The Way of Love for the Doctor

The Way of Love for the Doctor
SEASON 1 Part 27's. I'm Unstoppable (1)


Today Song: Unstoppable by Sia (sihlakan search for the one that blm has listen in the background)


I put my armor on, show you how strong how I am


I put my armor on, I'll show you that I am


I'm unstoppable


I'm a Porsche with no brakes


I'm invincible


Yeah, I win every single game


I'm so powerful


I don't need batteries to play


I'm so conflicted


🔹️🔹️🔹️🔹️🔹️🔹️


Romantic Bali, with golden light-studded beaches with candles and lanterns. You were there with the people who loved you. See those celebrating love. Under the shadow of the silvery moonlight magic that hypnotizes your mind and someone who holds your hand.



Last night we had dinner with colleagues, were among the comrades in arms who celebrated our hard work this year. Storytelling, laughing and joking take the pressure of a short job off our shoulders. The feeling of standing at the top was indeed pleasant.


Ten years ago I also stood on this beach myself at the faint of dawn, I woke up from my slumber. But I was 25 years old when I was at the lowest level of my life, when I knew all the truth about Simon, my perfect world was blown to pieces like a piece of glass in my hand.


I'm getting away from her. Unable to accept reality, unable to decide, between abandoning comfort and starting from the ground up, facing the fact that the world is no longer friendly, fake friends start to leave you because you're not even a nobody anymore, or sacrifice myself but still hold a false comfort to my life.
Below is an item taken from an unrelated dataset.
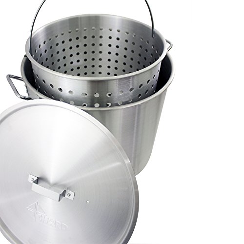The CHARD 60 QT. Aluminum Pot with Strainer Basket is the perfect addition to your outdoor cooking equipment. Constructed of no-rust aluminum, the 60-quart stock pot features a vented, recessed cover that releases steam and keeps foods warm until serving time. Heavy duty riveted side handles provide safe handling and secure movement. Also includes a perforated strainer basket with 0.5 Inch diameter holes for quick draining. Ideal for frying, steaming, boiling or brewing. CHARD Products put you in control with a little help from the right tools. From meat processing, to outdoor cooking, to simple food preparation, we help you Make It Yours.Feature

As I pityed myself, I saw those fishermen coming home from the sea. They work from night, earning a living for their families. Suddenly I realized my complaints were nothing compared to them. They try and believe in the Creator who nurtures them, walking day by day from living it with gratitude, entrusting their lives and thanking the life-giving Hyang Widhi.
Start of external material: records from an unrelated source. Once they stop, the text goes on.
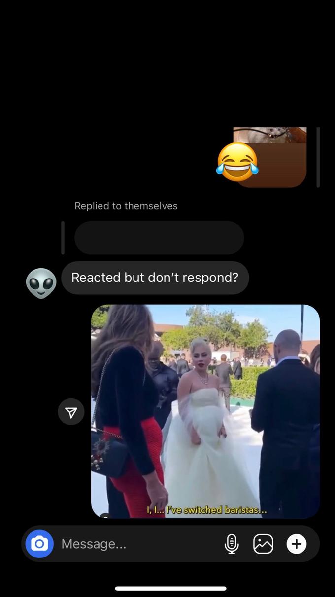 The clip was widely celebrated, with many interpreting Gaga's "I switched baristas" line as a way to excuse her avoiding coming into contact with Jenner. Twitter user @carelessbird_[1] joked that she would be using "I switched baristas" as her new "exit line," gaining over 130 likes (shown below, left). User @mattxiv[2] posted a similar sentiment, saying he'd use the phrase when avoiding someone he didn't like (shown below, right).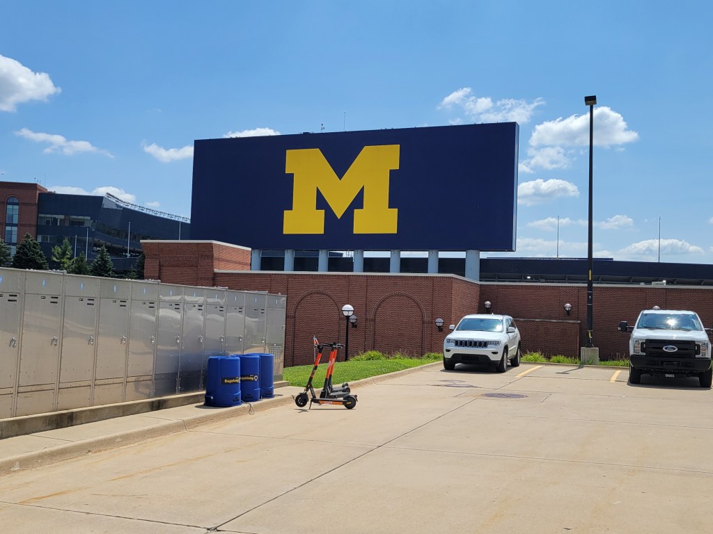On our first day in the Wolverine State, we drove through Ann Arbor to see where the Wolverines gather. We did a drive-by of the University of Michigan. Ryan thought it would be neat to see the stadium with that giant golden M proudly displayed. It was. We got some great pictures of it and would see those golden “M”s throughout Michigan. Julie came into the trip knowing fairly little about college football, but, between a visit to Ohio and then to Michigan, she got a pretty good education on things you do and don’t say when in each state.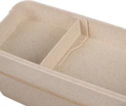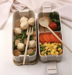 Nella confezione è incluso anche un set di posate in paglia di grano. Questi strumenti pratici includono un cucchiaio e una forchetta con bordo ondulato da usare come coltello. Le posate si posizionano facilmente all'interno del lunchbox, garantendo di averle sempre a portata di mano.

What does all the treasure in your hand mean, if your heart is not calm. If your heart is always hurting, overshadowed by a cancer-like feeling of jealousy that dries out your heart, that your husband may be more affectionate towards other women, she said,  there may be one moment your son will come and ask who another child claims to be his brother. Your son will live with such an understanding. What I fear, God even preserves the life of one meaningless canary. I'm human, I'm young, my blood is turbulent, my parents never grew up I was a coward to face the world.


I turned on my phone that I never turned on for a few days because I didn't want to hear anything from Simon. I opened a local radio and a song as if Sang Hyang Widhi had sent me. I remember that moment as if I were enlightened.
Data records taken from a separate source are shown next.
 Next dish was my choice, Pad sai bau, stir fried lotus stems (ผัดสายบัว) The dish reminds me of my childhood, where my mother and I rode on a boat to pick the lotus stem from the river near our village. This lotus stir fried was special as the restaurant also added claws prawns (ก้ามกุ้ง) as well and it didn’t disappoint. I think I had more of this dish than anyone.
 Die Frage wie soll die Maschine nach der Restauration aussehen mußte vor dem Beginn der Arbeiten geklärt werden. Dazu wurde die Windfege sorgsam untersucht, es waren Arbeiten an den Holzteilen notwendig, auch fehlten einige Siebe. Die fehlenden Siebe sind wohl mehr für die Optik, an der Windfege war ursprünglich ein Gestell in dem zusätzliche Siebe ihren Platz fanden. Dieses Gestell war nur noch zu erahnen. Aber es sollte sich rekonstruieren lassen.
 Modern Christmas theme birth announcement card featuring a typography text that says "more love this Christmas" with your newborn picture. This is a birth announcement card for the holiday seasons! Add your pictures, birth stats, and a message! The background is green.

Break down, only alone I will cry on out


You'll never see what's hiding out


Hiding out deep down


Yeah, yeah


Is the only way to make friendships grow


But I'm too afraid now


Yeah, yeah


I put my armor on, show you how strong how I am


I put my armor on, I'll show you that I am


I'm unstoppable


I'm a Porsche with no breaks


I'm invincible


Yeah, I win every single game


I'm so powerful


I don't need batteries to play


I'm so conflicted


Yeah, I'm unstoppable today


Unstoppable


(Red: search for translation in Google Yes )


With the dimness of the dawn, my heart became firm. What has fallen to pieces cannot be saved anymore. I was going to go face the world, so I went back to Jakarta, faced Papa and Mama, told her about my problems, decided to get divorced. Which Papa directly supported, at that time my dear Papa was still strong to hold my hand. He was so angry and had no intention of apologizing to Simon, I knew if I dared to tell him that's what he was going to do, he sent a lawyer to arrange my divorce.



I don't care about Simon, or any effort he makes to keep me by his side. I focus on learning to walk, walk, learn to run and time passes so fast, sometimes I fall but for my family I can always have a reason not to give up and get back up.


“You'll regret ever dumping me. One day I'll make you see what you're throwing away.” I remember his last words. But today I stand here, not regretting anything from my ten-year journey. I am grateful to have passed all the transverse arals and to be on my track now.


I’m Unstoppable, it is not my own strength, because I believe I am walking on the right path, and dare to carry my burden to be strong.